**What the task asks:** Reproduce word for word the lines between those holding "여력이 매우 큽니다." and "Tiled floor, Tiled", inclusive, and nothing else from the data below.

**Record excerpts:**
++++

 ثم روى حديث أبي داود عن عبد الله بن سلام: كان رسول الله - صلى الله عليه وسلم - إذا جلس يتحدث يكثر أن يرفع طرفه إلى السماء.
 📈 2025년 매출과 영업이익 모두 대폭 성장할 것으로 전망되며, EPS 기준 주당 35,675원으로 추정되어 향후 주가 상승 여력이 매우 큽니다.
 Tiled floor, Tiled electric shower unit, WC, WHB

++++

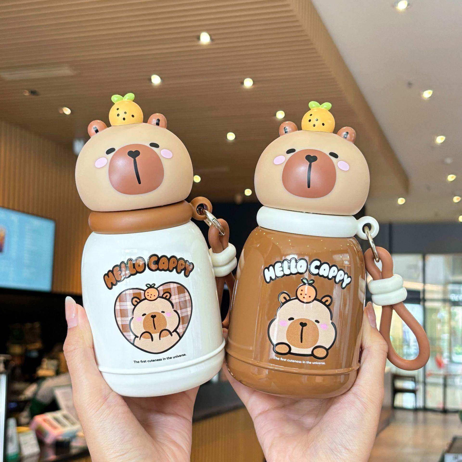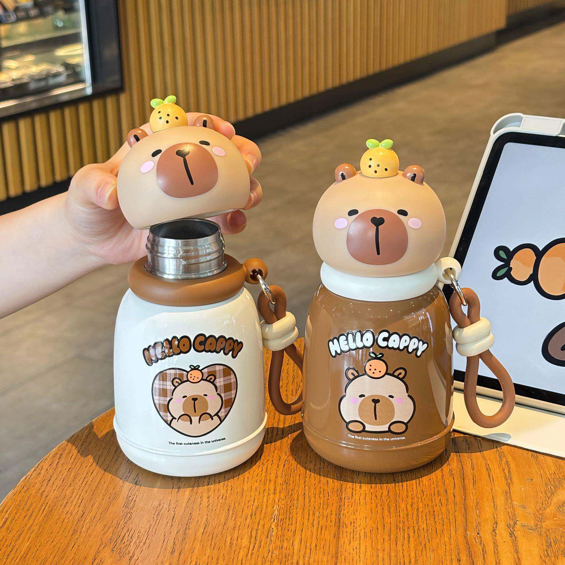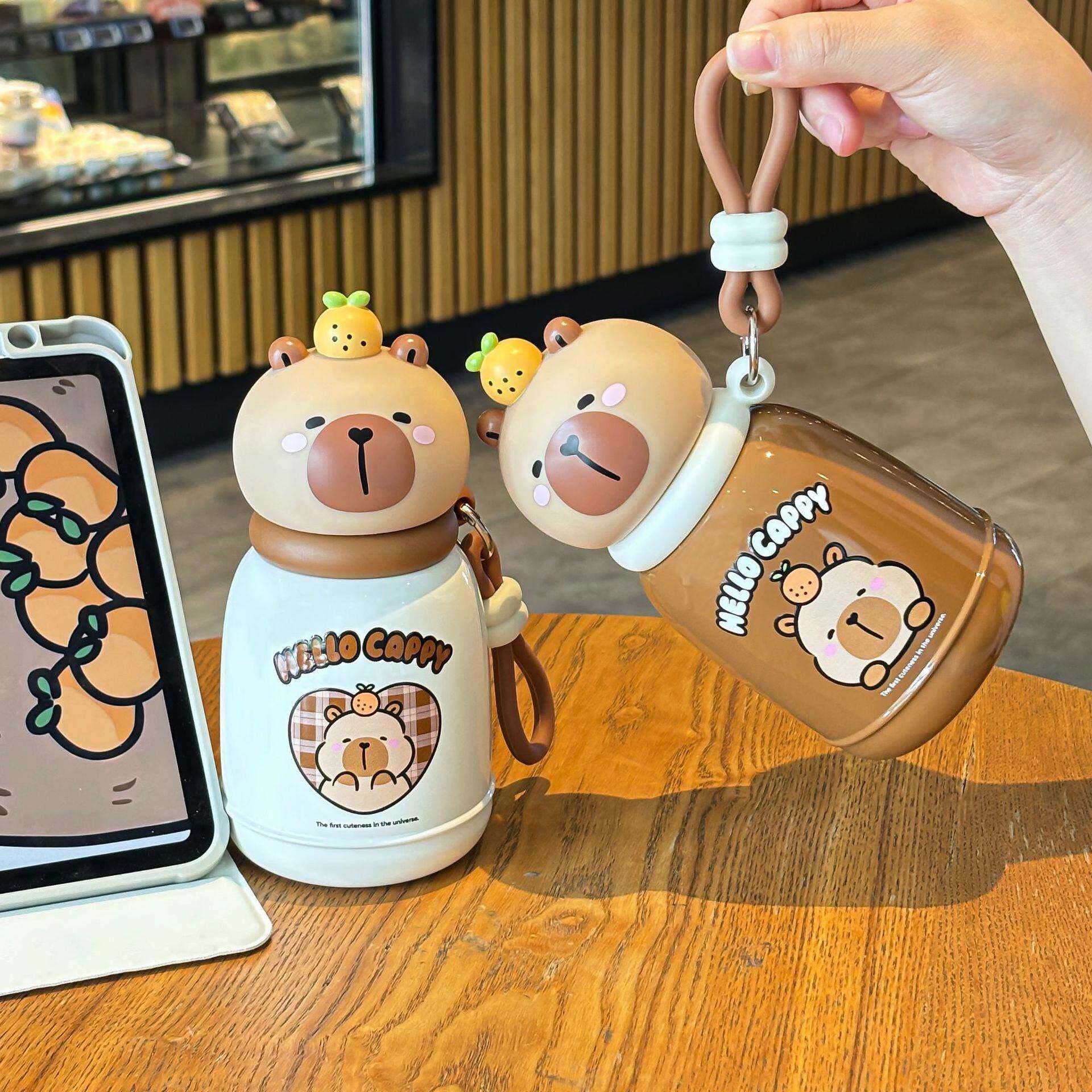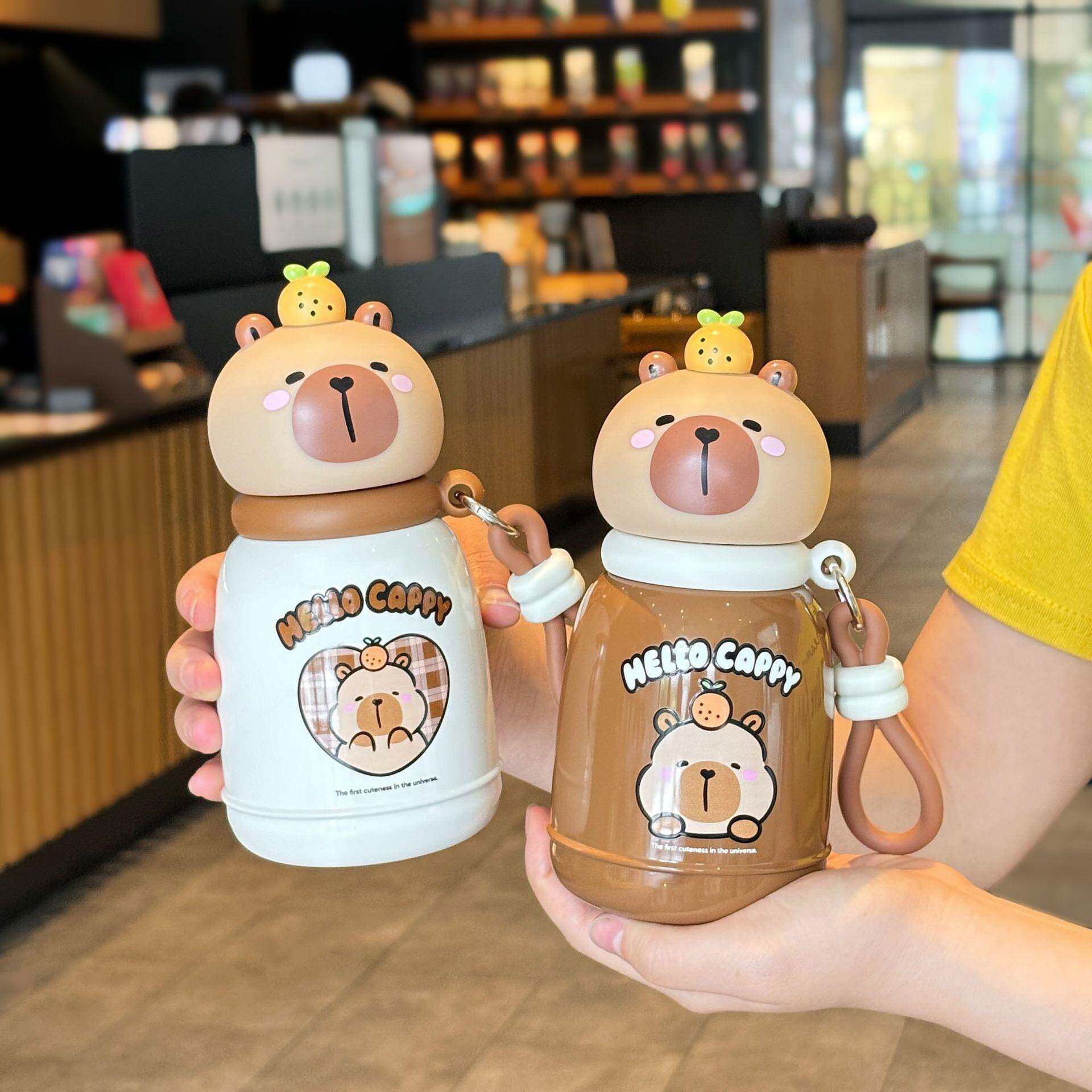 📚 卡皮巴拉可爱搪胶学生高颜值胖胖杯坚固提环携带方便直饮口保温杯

++++

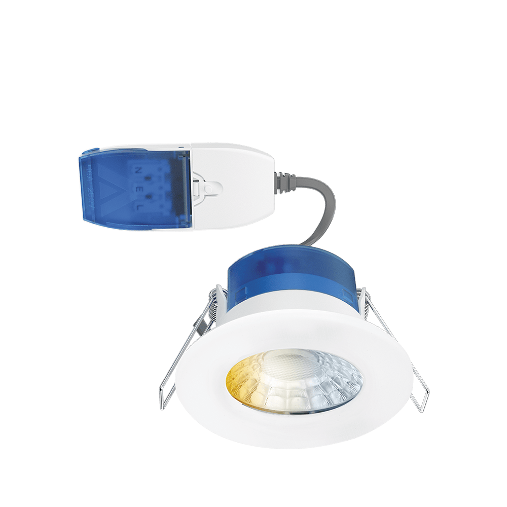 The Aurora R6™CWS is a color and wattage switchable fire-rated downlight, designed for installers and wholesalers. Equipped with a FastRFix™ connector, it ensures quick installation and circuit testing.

++++

**Output for this exercise:**
 📈 2025년 매출과 영업이익 모두 대폭 성장할 것으로 전망되며, EPS 기준 주당 35,675원으로 추정되어 향후 주가 상승 여력이 매우 큽니다.
 Tiled floor, Tiled electric shower unit, WC, WHB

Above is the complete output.